**Problem to work on**
The answer should be an exact repeat of the stretch of material below from the line containing "Honda (Tolima) |" through the line containing "CLEAN: Exterior shots".

**Available data**
**********
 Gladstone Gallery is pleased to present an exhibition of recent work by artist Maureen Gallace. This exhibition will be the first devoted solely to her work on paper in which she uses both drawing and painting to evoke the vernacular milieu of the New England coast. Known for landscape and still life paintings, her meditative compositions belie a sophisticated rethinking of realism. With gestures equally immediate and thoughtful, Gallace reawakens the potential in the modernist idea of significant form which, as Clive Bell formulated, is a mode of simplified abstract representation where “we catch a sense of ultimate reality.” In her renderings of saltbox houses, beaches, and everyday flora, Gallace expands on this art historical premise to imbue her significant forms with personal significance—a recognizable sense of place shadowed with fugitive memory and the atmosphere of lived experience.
**********
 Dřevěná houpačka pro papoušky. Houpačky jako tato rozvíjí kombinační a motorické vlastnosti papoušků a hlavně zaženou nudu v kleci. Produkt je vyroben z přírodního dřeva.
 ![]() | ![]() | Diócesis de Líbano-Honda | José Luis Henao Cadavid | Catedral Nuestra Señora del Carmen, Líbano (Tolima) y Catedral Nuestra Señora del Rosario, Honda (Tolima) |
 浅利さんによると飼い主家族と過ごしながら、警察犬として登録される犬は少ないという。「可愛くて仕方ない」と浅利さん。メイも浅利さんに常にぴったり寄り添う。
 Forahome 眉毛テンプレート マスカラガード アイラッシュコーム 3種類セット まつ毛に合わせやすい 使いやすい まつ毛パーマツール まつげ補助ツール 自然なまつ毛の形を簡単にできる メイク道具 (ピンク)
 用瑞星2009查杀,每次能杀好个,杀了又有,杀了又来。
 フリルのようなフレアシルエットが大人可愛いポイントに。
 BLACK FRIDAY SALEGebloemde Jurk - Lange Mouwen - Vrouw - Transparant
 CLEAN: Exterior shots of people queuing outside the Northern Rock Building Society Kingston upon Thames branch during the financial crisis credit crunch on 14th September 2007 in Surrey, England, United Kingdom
**********
**Result of this exercise**
 ![]() | ![]() | Diócesis de Líbano-Honda | José Luis Henao Cadavid | Catedral Nuestra Señora del Carmen, Líbano (Tolima) y Catedral Nuestra Señora del Rosario, Honda (Tolima) |
 浅利さんによると飼い主家族と過ごしながら、警察犬として登録される犬は少ないという。「可愛くて仕方ない」と浅利さん。メイも浅利さんに常にぴったり寄り添う。
 Forahome 眉毛テンプレート マスカラガード アイラッシュコーム 3種類セット まつ毛に合わせやすい 使いやすい まつ毛パーマツール まつげ補助ツール 自然なまつ毛の形を簡単にできる メイク道具 (ピンク)
 用瑞星2009查杀,每次能杀好个,杀了又有,杀了又来。
 フリルのようなフレアシルエットが大人可愛いポイントに。
 BLACK FRIDAY SALEGebloemde Jurk - Lange Mouwen - Vrouw - Transparant
 CLEAN: Exterior shots of people queuing outside the Northern Rock Building Society Kingston upon Thames branch during the financial crisis credit crunch on 14th September 2007 in Surrey, England, United Kingdom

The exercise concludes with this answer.